Supplied material —
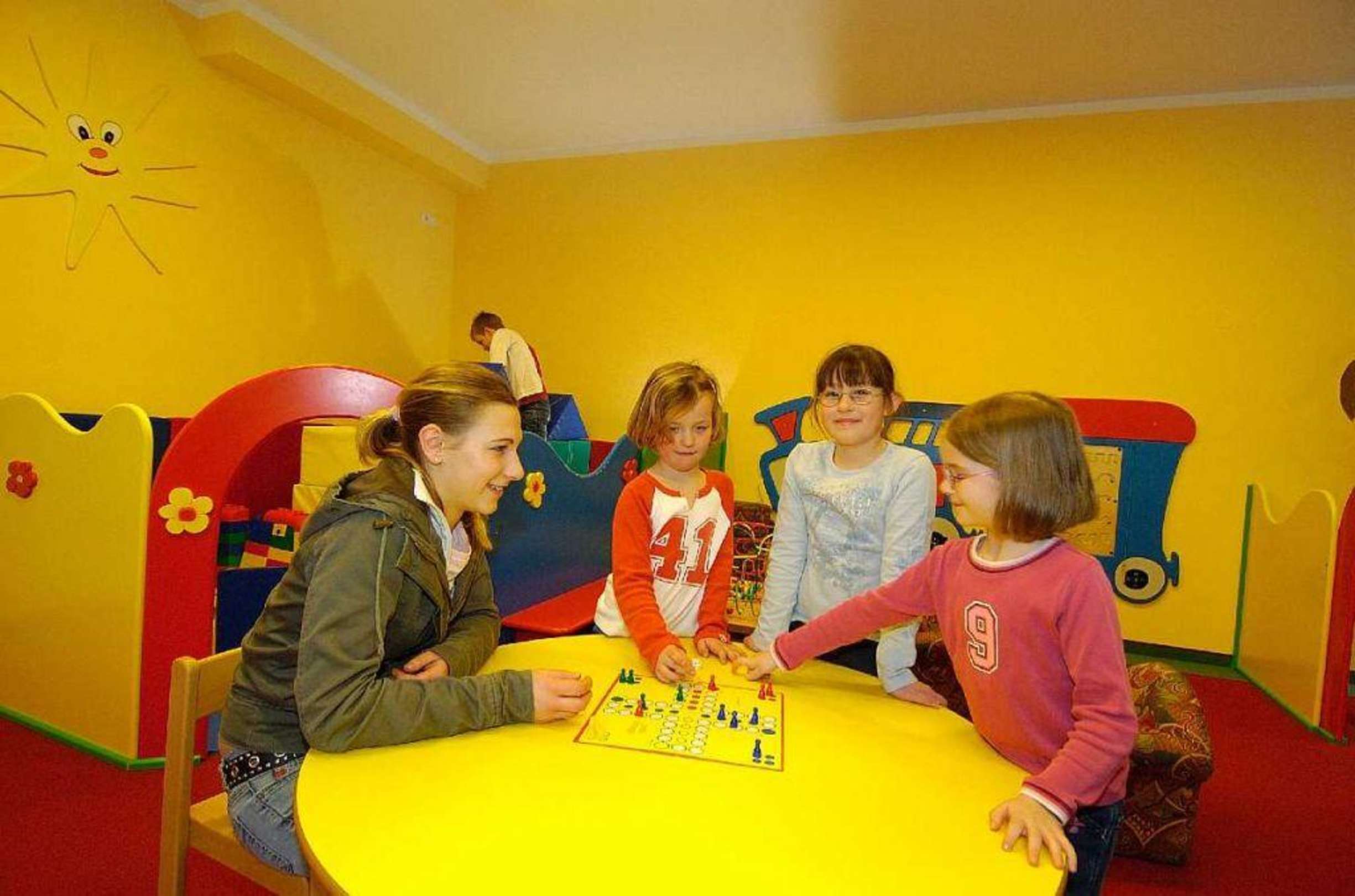 Großes Kinderspielzimmer mit Jugend- und Kleinkinderbereich.
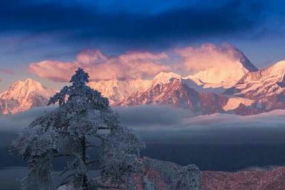 在四川的诸多雪山中,最高的山峰当属甘孜藏族自治州境内的贡嘎山,海拔高达7556米,被称为“蜀山之王”。贡嘎主峰周围林立着百余座海拔五六千米的冰峰,形成了群峰簇拥、雪山相接的雄伟景象。
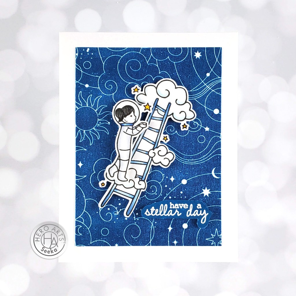 Hello and welcome! It’s release day at Hero Arts and we’re celebrating the celestial-themed December release with a blog hop full of inspiration and a giveaway. If you’ve arrived from visiting Mindy Eggen, you’re right on track! You can start from the beginning by visiting the Hero Arts blog.
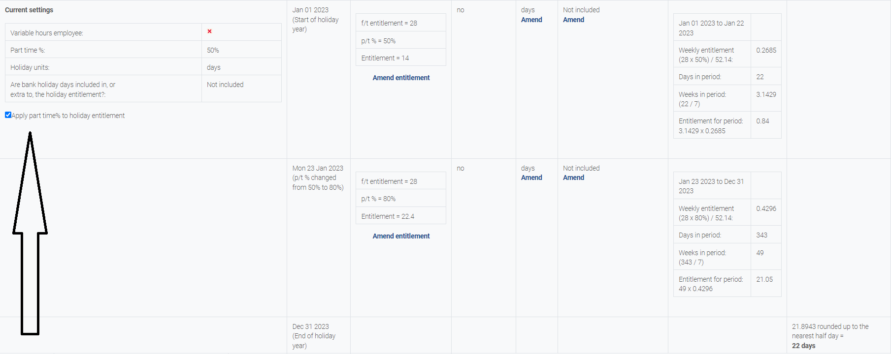 Previously the p/t% was applied to the holiday entitlement via a tick box option at Management > Holidays > Holiday entitlement > apply part time percentage to an entitlement.

The problem — Pictures excluded, repeat the material above from its first line through the line containing "在四川的诸多雪山中,最高的山", both included.

Output of the exercise —
 Großes Kinderspielzimmer mit Jugend- und Kleinkinderbereich.
 在四川的诸多雪山中,最高的山峰当属甘孜藏族自治州境内的贡嘎山,海拔高达7556米,被称为“蜀山之王”。贡嘎主峰周围林立着百余座海拔五六千米的冰峰,形成了群峰簇拥、雪山相接的雄伟景象。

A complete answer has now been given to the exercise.